Сразу же стало ясно, что «оттепель» сменилась «заморозками», за которыми вполне может последовать настоящий «мороз». Полным ходом продолжалась реабилитация жертв сталинского террора. Именно поэтому Кремлю надо было снова закрутить гайки, чтобы свободомыслие не вошло в повседневную жизнь, не стало нормой, грозящей существованию режима с его неумолимо жесткими идеологическими догмами. Хрущев, конечно, не читал «Доктора Живаго», а прочитав, не смог бы в нем понять ни единой строки. Но содержание романа его тоже ничуть не интересовало — вполне достаточно было той «справки», которую составили для него на Лубянке и в кабинетах партийных идеологов. Главное — не допустить ни малейшего самовольства, дать по рукам расшалившимся интеллигентам и напомнить, в какой стране и в каком обществе они продолжают жить.

Все понимали, что за травлей Пастернака, официально объявленного то «квакающей лягушкой», то «гадящей свиньей», последуют иные акции такого же рода, что приунывшая было сталинская рать поднимет голову, что каждый, чем-то обиженный хрущевской «оттепелью» — на своем месте и по-своему, — попытается свести счеты с теми, кто ненароком подумал, будто после XX съезда наступило ИХ время. Эта судьба, ясное дело, не могла миновать и Лилю.
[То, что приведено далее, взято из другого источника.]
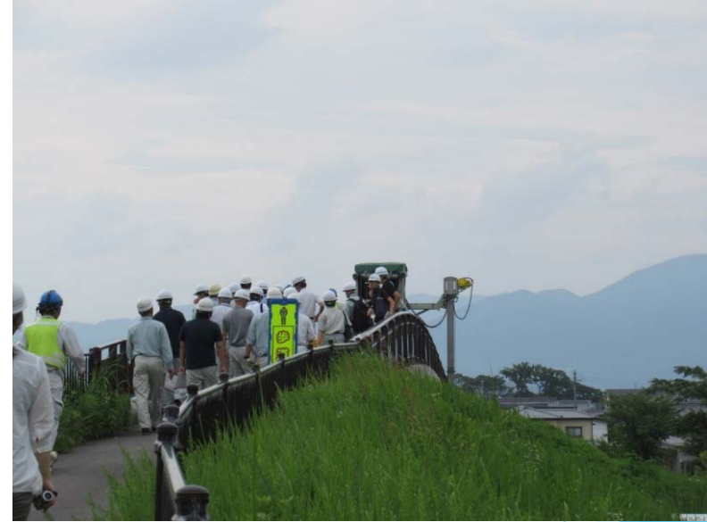
桁下から橋面に大移動中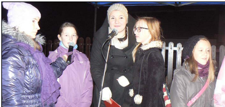
Vystoupení žáků ZŠ.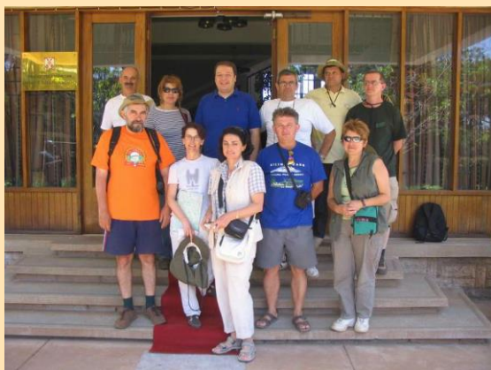
Ispred našeg Konzulata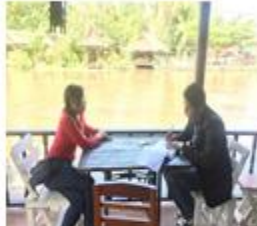
โอมลเคย์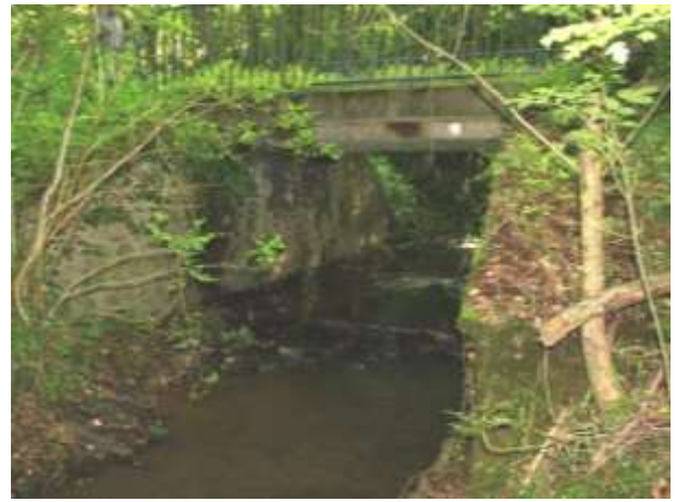
Pont à rendre franchissable (=4)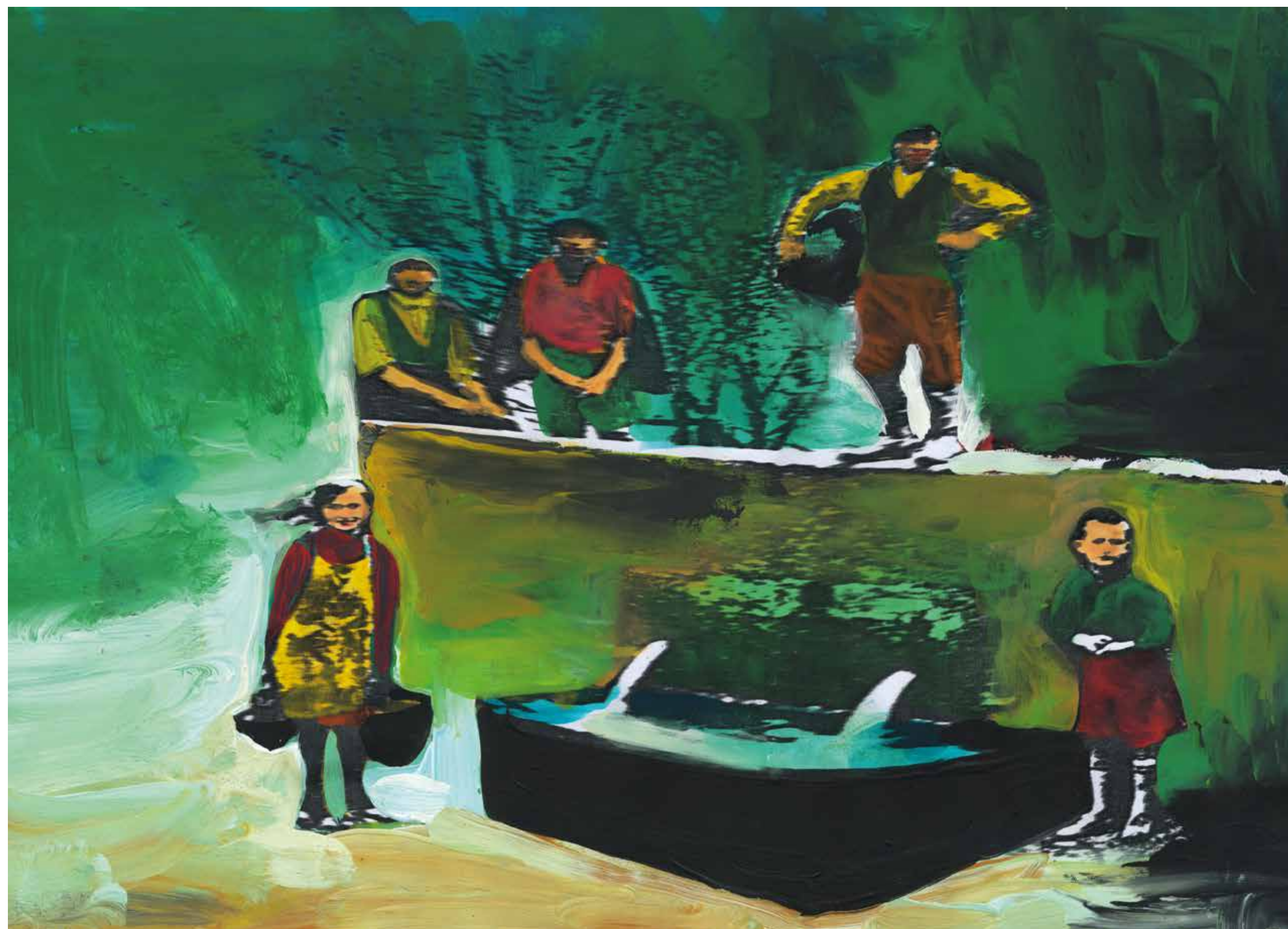
Gianluigi Toccafondo, Acquaviva , 2015, acrilici su carta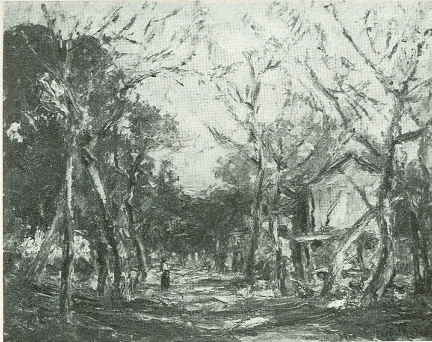
18. CALLECITA EN LA COSTA DEL PLATA (San Isidro)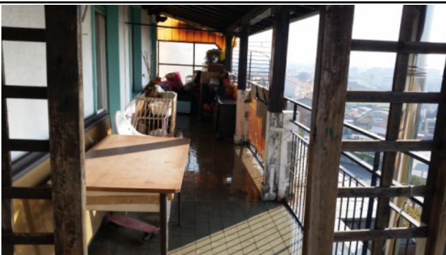
Appartamento oggetto di pignoramento - balcone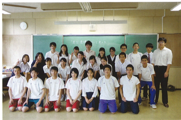
青山学院高等部との交流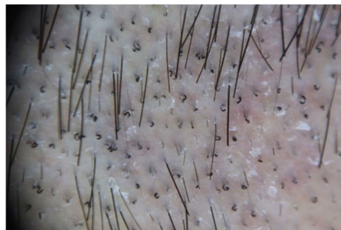
Figura 4 Imagen tricoscópica de pelos «en sacacorchos» típica de la tiña de puntos negros provocada por T. tonsurans .

En las figuras 2 y 3 pueden apreciarse diferentes imágenes de las formas inflamatorias y no inflamatorias recogidas

На встречу Нового, 1959 года приехали Арагоны. Впервые отмечали этот самый веселый, по русским традициям праздник в квартире на Кутузовском. Пришли и молодожены — Плисецкая и Щедрин. Эльза привезла множество рождественских подарков, стол ломился от яств, особый восторг вызвала «Вдова Клико»: и шампанского, и дивных французских вин хватило на всех. Но за видимым весельем скрывалась тревога. Ощущалось (Лилей, с ее поразительным чутьем, особенно) наступление каких-то иных — беспокойных — времен. Арагон надеялся на встречу с Хрущевым: хотел объяснить ему, сколь тягостное впечатление произвела на западных друзей Советского Союза травля Пастернака и демонстративное понуждение его к эмиграции. Хрущев Арагона не принял. И то верно — что он мог бы ему сказать? В январе Арагоны уехали. Лиля провожала их на Белорусском вокзале. Проводы были грустными — ничего хорошего не ожидали.